When completing Installation, Operational, or Performance Qualifications on an Autoclave, the protocols used need to verify that the Autoclave has been installed correctly (IQ), demonstrate that the Autoclave is operating properly (OQ), and show that the Autoclave sterilization cycles are able to reproducibly meet your requirements (PQ).
Mesa’s Compliance and Validation Services Autoclave Qualification protocols include:
- Documentation of the Autoclave information (Make, Model, Serial Number, etc.). (IQ)
- Identification and Verification of the Critical Instruments used by the Autoclave. (IQ)
- Verification that the Autoclave Controls and Alarms operate as required by the customer and per the manufacturer’s specifications. (OQ)

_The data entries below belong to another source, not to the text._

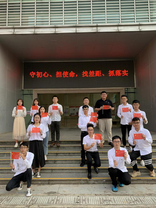 2019年10月1号下午4时,世界杯体育官方网站致远班党支部先后在思源学堂正门、联谊馆正门、行政楼国旗下参加“国旗在我心中”——我和国旗同框活动。支部书记张小其老师、党员和积极分子14人共同参加。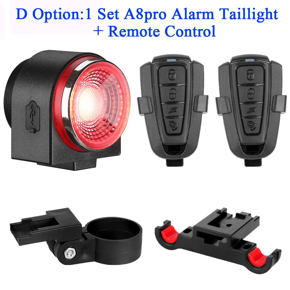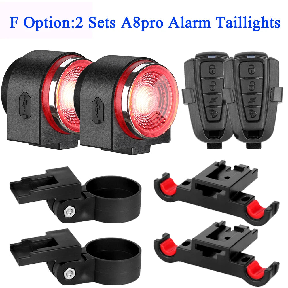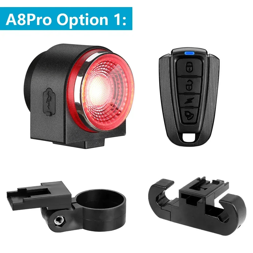 ANTUSI A8pro Bike Anti-theft Alarm Lock Auto Brake Cycling Taillight Remote Control Waterproof Bicycle Rear Light Wireless Bell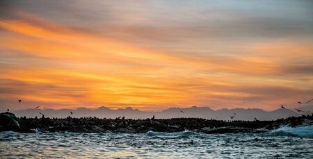 Seals silhouettes on the rock island. Sunrise Sky Background. Seal Island on sunrise. Cape fur seal, Scientific name: Arctocephalus pusilus. South Africa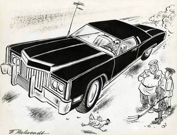 “In a modern high-speed car, Leonid can very quickly evacuate to the capitalist hell in case of any threats to him inside the country.” Drawing from 1973

- Verification that Standard Operating Procedures are available for the operation, maintenance and/or cleaning of the Autoclave. (OQ)
- Verification that the Autoclave is able to meet and maintain the required temperature during the sterilization cycle. (OQ)

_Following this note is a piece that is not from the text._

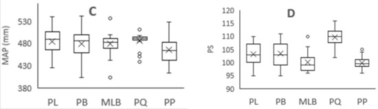 Variation of climatic factors in different forest types. MAT = mean annual temperature, TS = temperature seasonality, MAP = mean annual precipitation, and PS = precipitation seasonality. PL = pure Larix gmelinii (Rupr.) Kuzen forest, PB = pure Betula platyphylla Suk. Forest, MLB = Larix gmelinii (Rupr.) Kuzen and Betula platyphylla Suk. mixed forest, PQ = pure Quercus mongolica Fisch. ex Ledeb. forest, PP = pure Pinus sylvestris L. var. mongolica Litv. Forest. A: MAT of five forest types, B: TS of five forest types, C: MAP of five forest types, D: PS of five forest types. “×” = average value, “○” = outliter.

- Verification that the Autoclave sterilization cycles can reproducibly meet the requirements for time, temperature, pressure, and sterility assurance using biological indicators and lethality. (PQ)

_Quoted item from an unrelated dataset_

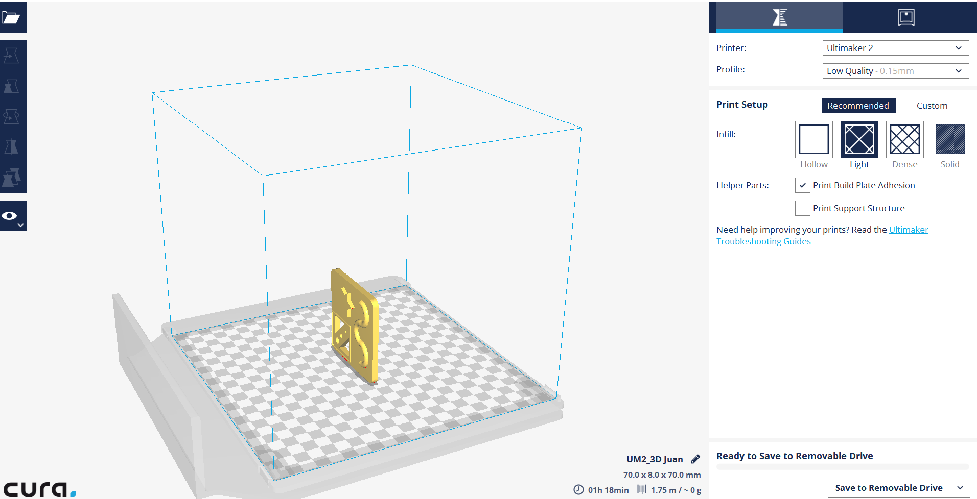 In two software I had flip the figure to make printing easier, In the program I did not have problems but the second machine I didn't see that the figure is not horizontal.

- Development and Verification of Autoclave sterilization cycles to meet your needs & requirements for time, temperature, pressure, and sterility assurance using biological indicators. (OQ/PQ)
By using Mesa’s Compliance and Validation Services to complete your Autoclave qualifications , the completed IQ, OQ, or PQ protocols will provide a level of assurance that the Autoclave has been installed properly, is operating correctly and is able to reproducibly meet your (the customer’s) sterilization requirements.